Brilliant! Great to see again
We visited here a few years back - it wasn't boarded up then.
Had a funny incident there, which I won't relay on the forum


----------



## Urbex Fam (May 3, 2017)

Hopefully it is nothing to do with the disabled toilet?!!


----------



## The Wombat (May 3, 2017)

haha, we saw it too


----------



## smiler (May 3, 2017)

What a loss to culinary excellence, for what's left you got a decent set of pics, Thanks


----------



## Electric (May 3, 2017)

Very nice Urbex fam. Miserable thoughts of disgusting food, wrong bills and foul toilets came back to me when sitting in our local (derelict) Little Chef.



smiler said:


> What a loss to culinary excellence,


I agree Smiler. I recently stopped off at a Little Chef just to try that weirdly nice microwave-in-the-bag scrambled egg they served. Turns out that it had been Heston Blumenbleughed with talking urinals and clouds on the ceiling.


----------



## Urbex Fam (May 4, 2017)

Thanks! We all have the theme song from the video stuck in our head now though!


----------



## KM Punk (May 4, 2017)

I'm not usually a fan of UE videos, but I enjoyed yours. Much better than a shaky video with heavy breathing than you find all over YouTube.
Nice to see this back on the forums, cheers for sharing


----------



## Urbex Fam (May 4, 2017)

KM Punk said:


> I'm not usually a fan of UE videos, but I enjoyed yours.
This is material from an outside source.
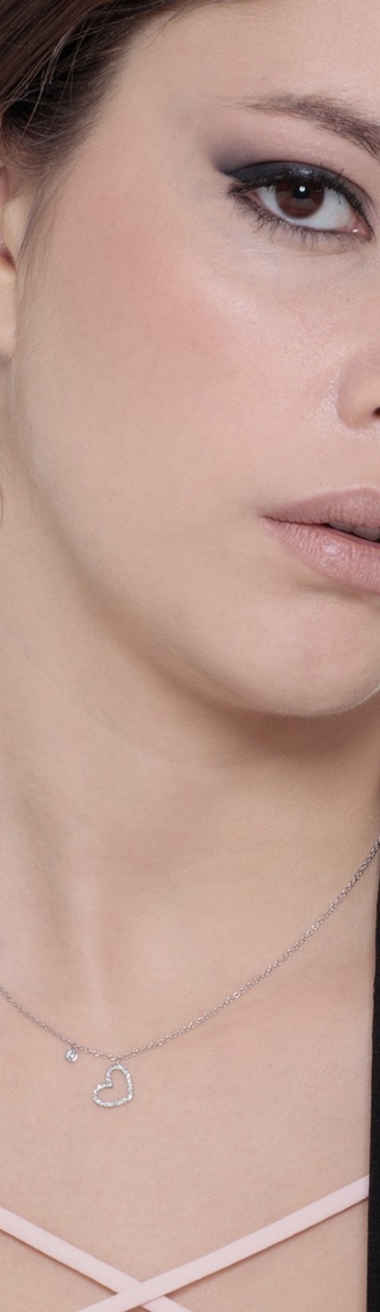 Collar de oro blanco de 18 quilates con colgante de corazón en diamantes y punto de luz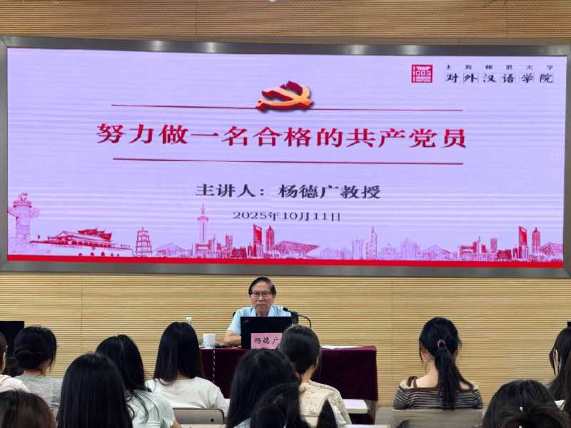 为深入贯彻党的教育方针,引导2025级研究生新生坚定理想信念,积极向党组织靠拢,2025年10月11日,对外汉语学院特邀上海师范大学原校长、学院党建工作督导杨德广教授,作题为“ 努力做一名合格的共产党员”专题讲座。讲座由学院副院长李文浩主持。

Much better than a shaky video with heavy breathing than you find all over YouTube.
> Nice to see this back on the forums, cheers for sharing



Yes I know what you mean! Thank you- glad to know they are enjoyable!


----------



## prettyvacant71 (Jun 30, 2017)

Didn't that posh twat on TV serve up snail porridge to try to stop the chain going bust??? I won't be trying that one microwaved in a bag then...pheeew

I remember that advert...its taken me over 20 yrs to get that annoying noise outa me head only to hear it again just now, your vid should come with a trigger warning.


----------